The Tigers That Corner Us..

Merideth  Jeffries holds an M.F.A. in Creative Writing and has been part of the World Relief Spokane community since 2009, serving first as an intern in the employment department and later as a Resettlement and Placement Specialist for two years. Deeply moved by the resilience and beauty of the people and cultures she was serving, she wrote a series of poems and essays about her experiences working with refugee communities in Spokane as part of her graduate thesis. The poems that appear here are the first section of a larger collection entitled, The Tigers That Corner Us. Names of individuals have been changed to respect their privacy. Merideth remains connected to World Relief Spokane as a volunteer tutor in creative writing for ESL students.

Written by: Merideth Jeffries

Duh Ceu

You barely made it through your education,

risking your life to sneak across the border

into India to study God’s word. And like Paul,

you went to jail for preaching.

I remember all the stories you told me,

though sometimes I doubted they were true—

like the one about the tiger you fought,

and catching swallows in butterfly nets as a boy

to take to market.

But mostly, I remember

the day I tried to do the right thing

and it was misinterpreted,

received with anger.

All you said to comfort me was, “When Jesus walked the world, many were healed.
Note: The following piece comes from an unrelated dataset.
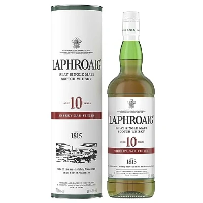 Laphroaig 10 Year Old Sherry Oak Single Malt Peated Scotch Whisky is aged for ten years and finished in sherry casks, this unique Laphroaig expression combines the unforgettable flavour of our classic 10 year old whisky with the sweetness and complexity of Oloroso Notes of Manuka honey, grilled bacon and maple syrup meet the classic peat smoke and seaweed that Laphroaig is famous for This Laphroaig Single Malt Whisky is crafted in the same time-honored way as our regular 10 year old single malt before resting in carefully selected sherry casks The barrels are crafted from European oak, and previously filled with sweet Oloroso sherry to bring a rich, full-bodied flavor profile to this single malt Scotch Serve neat, in a cut crystal glass. Add a cube or two of ice to chill it to perfection, or a small splash of fresh water to help bring more complex aromas out of the glass

Demons fled from souls long suffering, sins were forgiven and still, they hung him

on a cross and put thorns around his head. “

And I remembered you said the tiger bared his teeth

as he tried to corner you,

that you were scared but you lived.

Girl From Tediim Township, Chin State Myanmar

This afternoon, Za Lun Mang sits on my lap. We look at photos

because we can’t speak to each other in English.

At the picture of the peony, she shouts, “Pak!”

She smiles and looks up at me, “Fl-ow-er: Pak,” she says,

not wanting to leave me out, teaching me.

And though I try to understand

what her mother means when she motions

to me or to something around the house,

or when Za Lun Mang laughs at my attempts at pronouncing

Lun Dam: Thank you,

I am left out,

and my country will does the same to her.

The Tower of Babel has swayed

and fallen, the bricks scattered into nonsense,

but Lord,  I think, it’s not a tower to heaven that I want,

only to listen better to this girl.

Moth Orchid

Moth Orchid, Phalaenopsis, thrives in warm climates, it  can be found growing wild in Parts of Burma, Malaysia and the Himalayas

I saw a moth orchid on the receptionist’s desk at work,

its fleshy, wine and white blossoms open. The stem curved

like a woman’s back, as it stretched toward the tinted window.

Last winter I ran into Van Nei Sung in Walmart buying groceries

with Zung Tin and saw a flake of snow still cold,

resting on the curve of her dark hair. She smiled warmly,

but I couldn’t help thinking she felt cold and far away from home.

My Hindu Friend Blesses Me

Gyanu tells me, his last name, Bahadur means brave,

his sister’s name, love.

“And yours?” he asks.

“My parents didn’t know when they named me,

but my name is Welsh for protector. I don’t know how well I do that.”

“No wait…  it means protected” he says.

I smile, thinking, how would he know?

“Someone,” he says, “Your husband, maybe someone from above protects you,

but also friend, it’s your moral obligation to protect.”

I know he is right.

But I measure the width of my hand

and see it’s only as wide as the mouth of my coffee cup.